Estruturas químicas de ABT-737 (esquerda) e ABT-263 (direita).
ABT-263 mantém alta afinidade para Bcl-xL, Bcl-2 e Bcl-w, que está abaixo do limite de detecção do ensaio de polarização de fluorescência (Ki ≤1 nmol/L), mas liga-se mais fraca para Mcl-1 e A1 (Tabela 1). Este padrão de seletividade é similar ao do seu predecessor ABT-737 e da proteína BH3 apenas Bad (12). A afinidade subnanomolar do ABT-263 para Bcl-xL foi confirmada por um ensaio de transferência de energia por ressonância de fluorescência mais sensível, resolvido no tempo, que mostra que o enantiômero (um estereoisômero com a configuração oposta do grupo morfolinoetílico, usado como controle menos ativo) é ∼40-dobrado menos potente.
- Ver em linha
- Ver popup
Afinidades de ligação às proteínas da família Bcl-2
O perfil farmacocinético do ABT-263 é caracterizado por baixos valores de depuração de plasma e baixos volumes de distribuição em rato, rato, cão e macaco, com meia-vida de eliminação de plasma após dose i.v. de 4,6 a 8,4 horas (Tabela Suplementar S1). A biodisponibilidade após gavagem oral foi de ∼20% em todas as quatro espécies. Devido à sua baixa solubilidade aquosa, o ABT-263 apresenta uma taxa de dissolução prolongada – absorção oral limitada. A administração de ABT-263 em formulações à base de lipídios, nas quais o composto é significativamente mais solúvel, produz maior absorção com biodisponibilidade próxima a 50% e uma meia-vida de eliminação oral de 8,9 horas em cães. Uma curva representativa da concentração de drogas plasmáticas após a dosagem i.v. ou p.o. em cães é mostrada na Fig. Suplementar S1.

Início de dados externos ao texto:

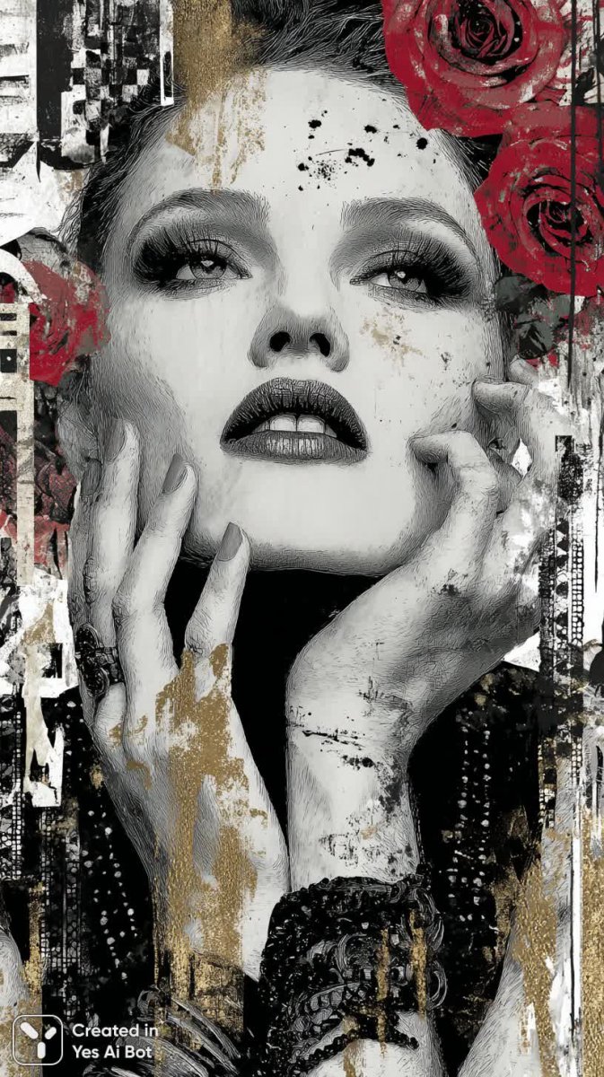 Завораживающий портрет харизматичной женщины, выполненный в гиперреалистичной манере, пленяет своей детализацией и выразительностью. Фон, вдохновленный граффити, представляет собой динамичную композицию из черно-белых полос, контрастно выделяющихся на фоне ярких красок. Акцентным элементом выступают алые розы, добавляющие изображению чувственности и драматизма. Изображение выполнено в технике чернильного рисунка, что придает ему особую графичность и глубину. Особое внимание привлекает мастерски выполненный дизайн макияжа, который представляет собой настоящее произведение искусства. Золотые акценты подчеркивают красоту и изысканность образа, создавая эффект сияния и роскоши. Игра света и тени позволяет передать мельчайшие детали кожи и текстуры волос, делая изображение максимально реалистичным и живым. В целом, это яркий и запоминающийся образ, сочетающий в себе элементы современного искусства и классической портретной живописи. Он вызывает восхищение своей технической сложностью и эстетической привлекательностью, демонстрируя талант художника и его умение создавать уникальные и выразительные произведения. Картина излучает уверенность, силу и женственность, оставляя неизгладимое впечатление на зрителя. Это визуальное воплощение красоты и таланта, способное вдохновить и восхитить любого ценителя искусства

ABT-263 exibe citotoxicidade baseada em mecanismo. Um número de pequenas moléculas miméticas de BH3 tem sido relatado para ligar membros da família Bcl-2 com afinidade modesta e induzir apoptose em linhas de células tumorais (21-23). Entretanto, muitos desses agentes mostraram recentemente matar células de forma independente do Bax/Bak, questionando a relevância funcional de sua fraca afinidade para as proteínas Bcl-2 e os verdadeiros mecanismos de ação para essas moléculas (14). Portanto, sentimos a importância de demonstrar de forma robusta que a apoptose induzida pela ABT-263 foi o resultado direto da inibição das proteínas da família Bcl-2. Primeiro, a atividade celular da ABT-263 foi avaliada na linha de células murinas pro linfocitárias FL5.12 interleucina-3 (IL-3)-dependente. A retirada da IL-3 induz apoptose FL5,12, em parte pela regulação dos fatores pró-apoptóticos Bim e Puma (24, 25). A sobreexpressão da Bcl-2 (FL5.12-Bcl-2) ou Bcl-xL (FL5.12-Bcl-xL) protege contra os efeitos da retirada da IL-3 por sequestro de Bim e Puma (25). ABT-263, mas não o enantiómero, inverte a protecção conferida pela sobreexpressão do Bcl-2 ou Bcl-xL (EC50 = 60 e 20 nmol/L, respectivamente; Fig. 2A). O ABT-263 foi ineficaz em provocar a morte celular na presença de IL-3, onde as células FL5,12 não estavam sujeitas a estímulos proapoptóticos. A capacidade do ABT-263 de matar células FL5.12-Bcl-2 ou FL5.12-Bcl-xL sob retirada de IL-3 foi significativamente atenuada na presença do inibidor de caspase ZVAD, indicando que a morte celular é dependente da caspase (Suplemento Fig. S2).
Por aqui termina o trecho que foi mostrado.